Figure Completes First Blockchain-Based Securitization of $150M Loans

Figure Blockchain Securitization Loans

Figure Technologies completed a long-awaited $150 million securitization of a bundle of home equity credit lines (HELOCs), which was billed as the first such transaction in which all aspects of the process were managed on a blockchain.

According to the company, everything from the origination of the loans to the issuance of the bonds to the collection of borrowers’ monthly installments is run on Provenance, Figure’s blockchain. This distinguishes the transaction from most enterprise blockchain projects, which have either been demonstrations of the technology rather than live applications or touched just one piece of a complex process.

As such, the bond issue may serve as a showcase to businesses for the benefits of distributed ledger technology (DLT) at a time when such use cases are no longer generating the same buzz as they were five years ago.

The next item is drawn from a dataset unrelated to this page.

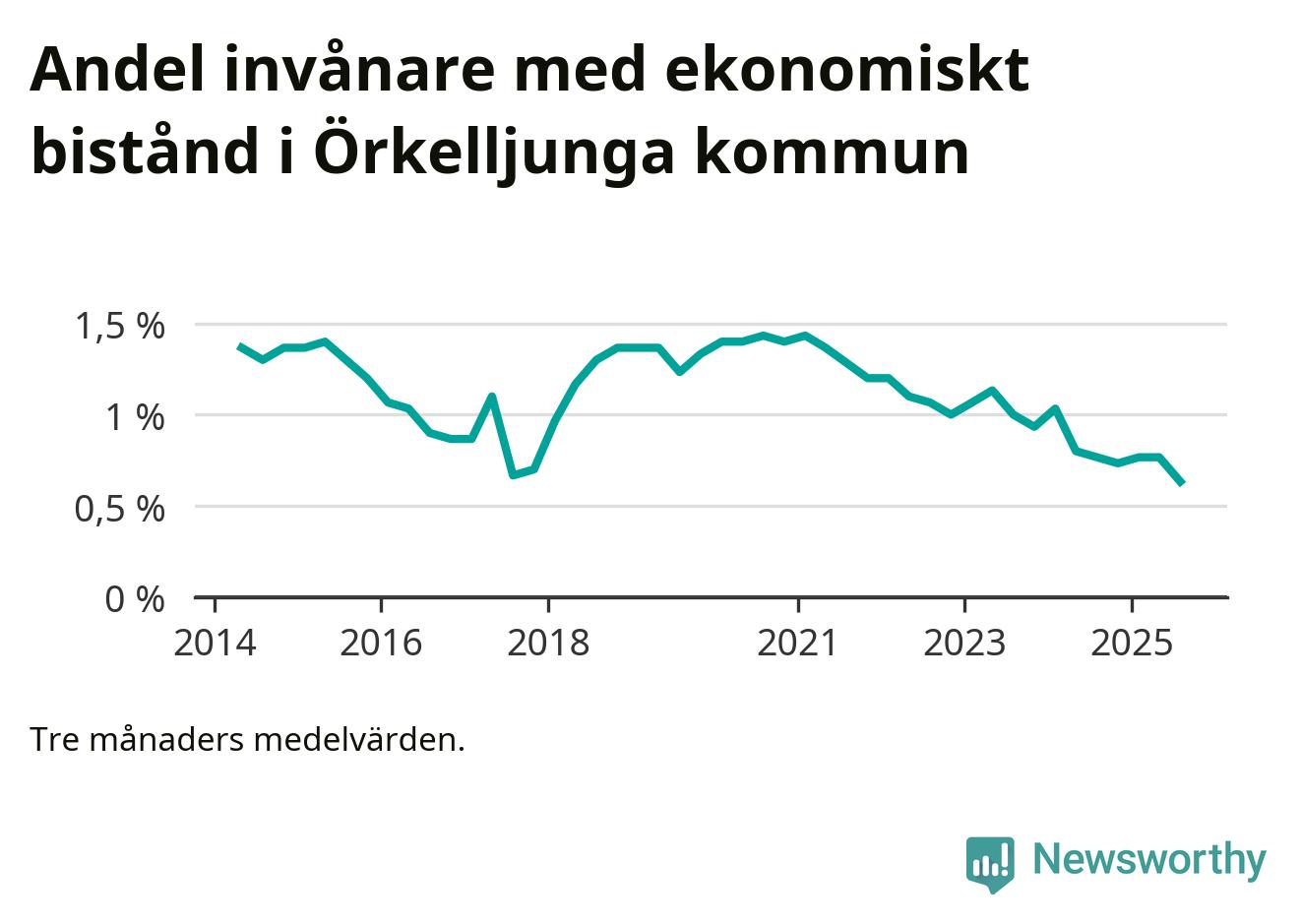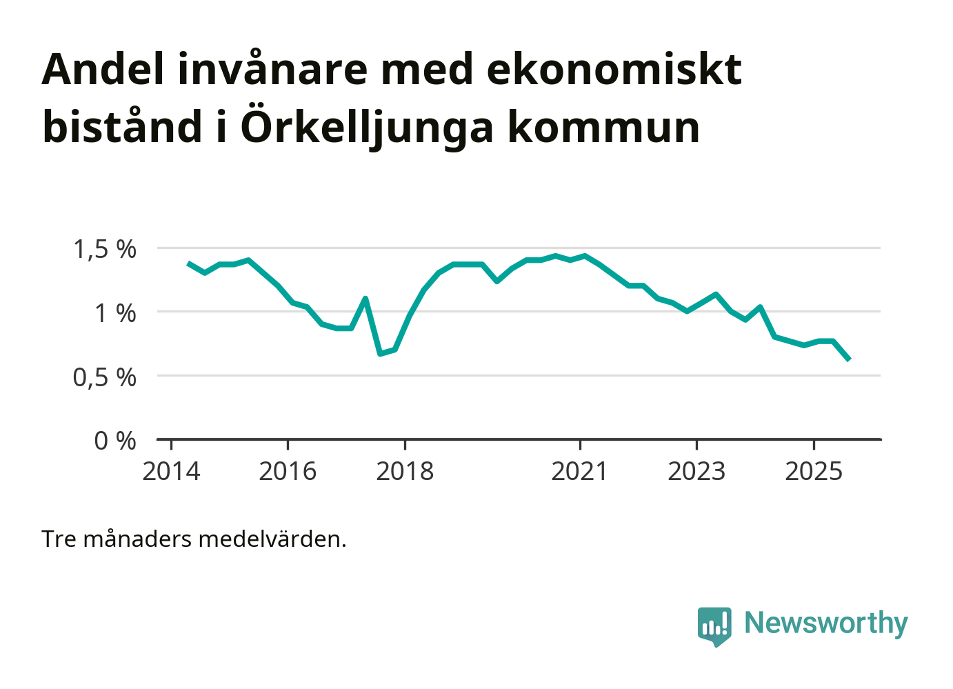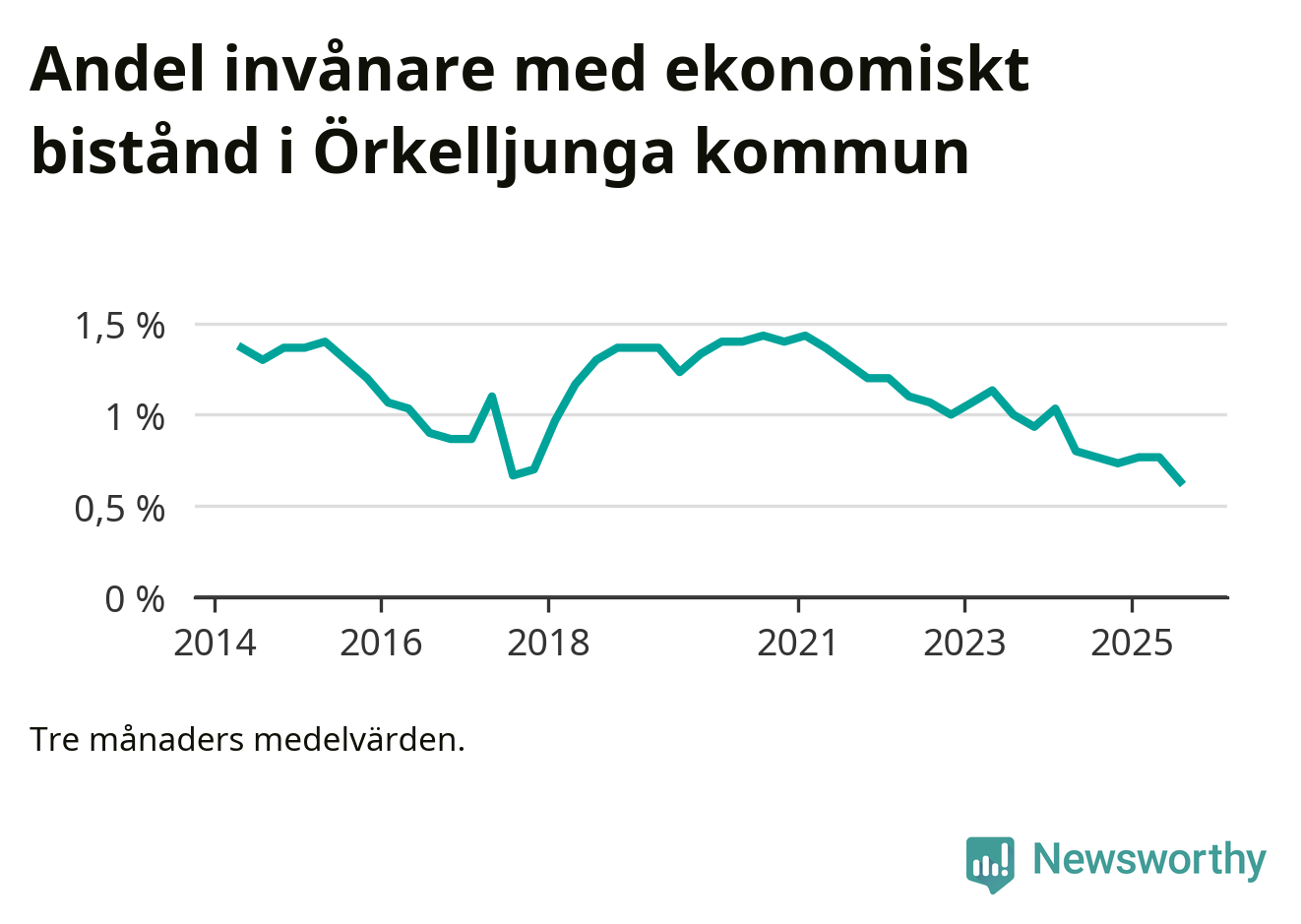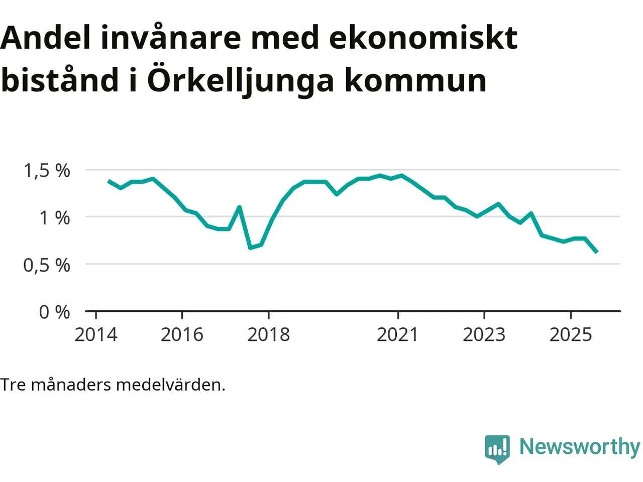 Andelen invånare med ekonomiskt bistånd i Örkelljunga kommun var under sommaren den lägsta sedan åtminstone 2014. Det visar den senaste, preliminära statistiken från Socialstyrelsen.

Corporate technology experimentation now tends to take place under the radar, with the word “blockchain” being spoken, if at all, in hushed tones.

 “While there are certainly other companies trying blockchain-based securitization, Figure’s project is at minimum a notable and high-profile effort,” said Lewis Cohen, a principal at DLx Law, who was not involved in the transaction. “The future of securitization involves a level of detailed and accurate information about underlying assets that blockchain technology is well-suited to provide.”

The bond sale for Figure was managed by U.S. brokerage Jefferies Group and Japanese financial giant Nomura. The two-year-old startup raised more than $225 million at a valuation of $1.2 billion, including a $103 million Series C funding round in November. In the blockchain space, it has drawn a spate of serious backers including Morgan Creek, Digital Currency Group, Foxconn’s investment arm HCM Capital, Rabbit Capital and MUFG.

The Process is a Blockchain-Based

As it stands, securitization-Wall Street’s decades-old practice of repackaging loans into bonds sold to investors-may look like a Rube Goldberg machine. One company may take the application from the consumer (the “originator”); another may fund the loan (the “warehouse lender”); another will sell the securities to investors (the “underwriter”); yet another will mail the monthly bills and dun late payers (the “servicer”). This is a streamlined version.